- Born: Charles Child Eldredge April 12, 1944 (age 82) Boston, Massachusetts, United States
- Occupations: Art historian Educator Curator
- Spouse: Jane Allen MacDougal (m. 1966)
- Children: 2 (Henry and Janann)

Academic background
- Alma mater: Amherst College University of Minnesota
- Thesis: Georgia O'Keeffe: The Development of an American Modern (1971)
- Influences: Marilyn Stokstad

Academic work
- Discipline: Art history
- Sub-discipline: Nineteenth- and twentieth-century American art
- Institutions: University of Kansas Smithsonian Institution
- Influenced: Elizabeth Broun

= Charles C. Eldredge =

American art historian

Charles "Charlie" Child Eldredge (born April 12, 1944, in Boston) is an American art historian, educator, and curator.
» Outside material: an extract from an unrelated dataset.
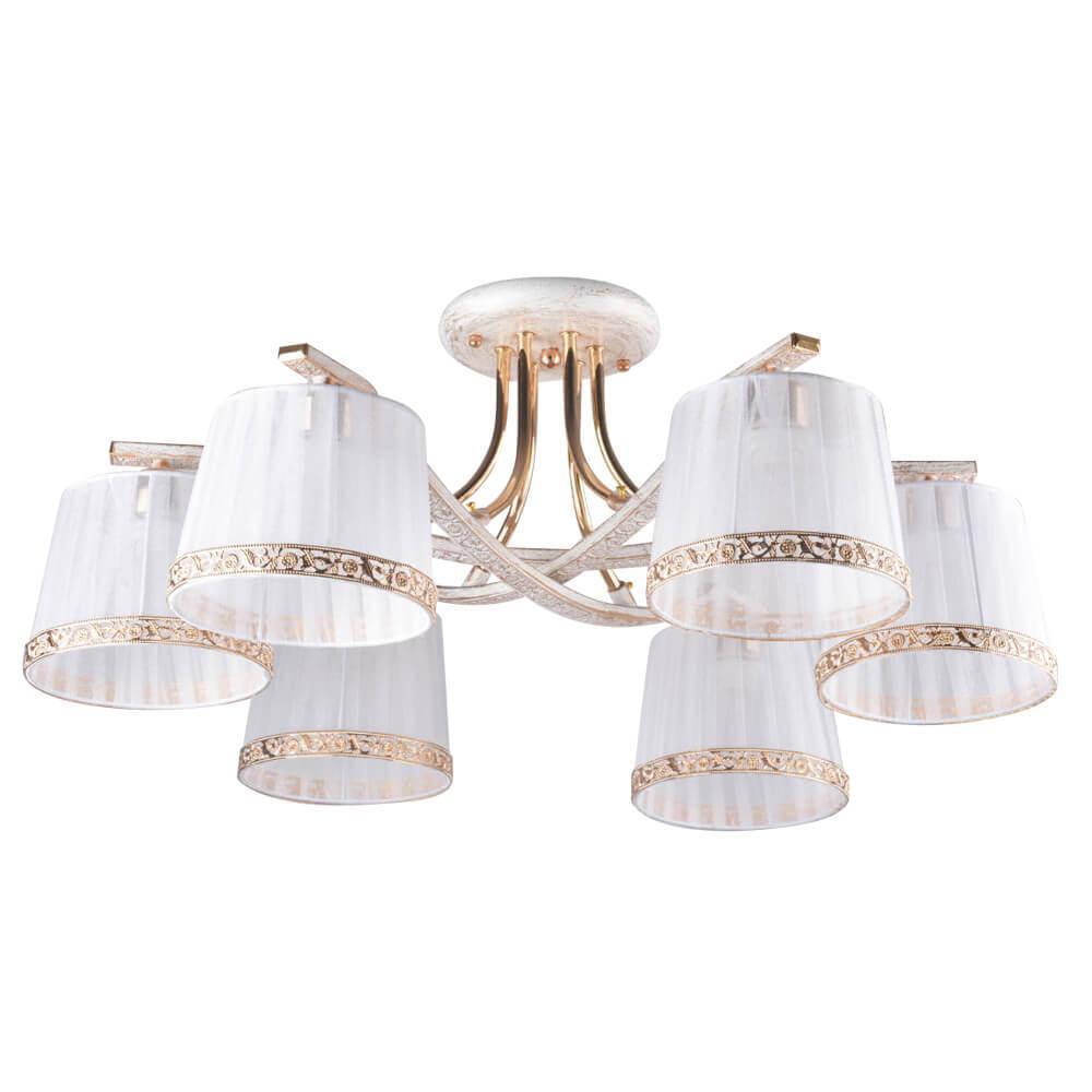Потолочная люстра Hiper Simona H016-6 от Китайского бренда Hiper из коллекции Simona будет удачно смотреться в гостиной в стиле прованс. Светильник выполнен из ткани с плафонами в форме конуса белого цвета.

Eldredge is the Hall Distinguished Professor of American Art and Culture Emeritus at the University of Kansas. He also served as Director of the Spencer Museum of Art and the Smithsonian American Art Museum during his career.

==Career==
Eldredge was born to Henry and Priscilla Marion Bateson in Boston, but was raised in East Greenwich, Rhode Island. Eldredge received a Bachelor of Arts in American Studies from Amherst College in 1966, and then continued on to earn a Doctor of Philosophy in Art History from the University of Minnesota in 1971. His doctoral dissertation was on the artist Georgia O'Keeffe, whom he studied throughout his career, and was titled "Georgia O'Keeffe: The Development of an American Modern."
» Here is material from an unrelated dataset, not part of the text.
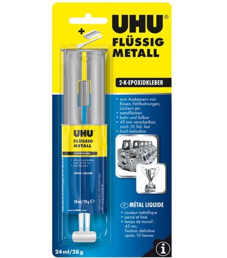 UHU liquid metal est une colle à base de résine époxy bicomposante haute performance, de couleur métallique, pour le collage haute résistance du métal et des alliages métalliques (acier, aluminium) également en combinaison avec le bois, le porcelaine, le grs, la cramique et une varit de plastiques. UHU liquid metal convient galement pour la rparation et le remplissage des espaces mtalliques. ...

In 1970, while still a doctoral student, Eldredge was hired as assistant professor of Art History at the University of Kansas, which also came with a joint appointment as curator at their Spencer Museum of Art. Upon completing his doctorate, he was elevated to the rank of Professor, as well as to Director of the Spencer. Eldredge held those posts until 1982 when he left Kansas to become Director of the Smithsonian American Art Museum. In 1988, Eldredge returned to the University of Kansas as Hall Distinguished Professor of American Art and Culture. He remained in that position until retirement in 2018, and was given the title as emeritus.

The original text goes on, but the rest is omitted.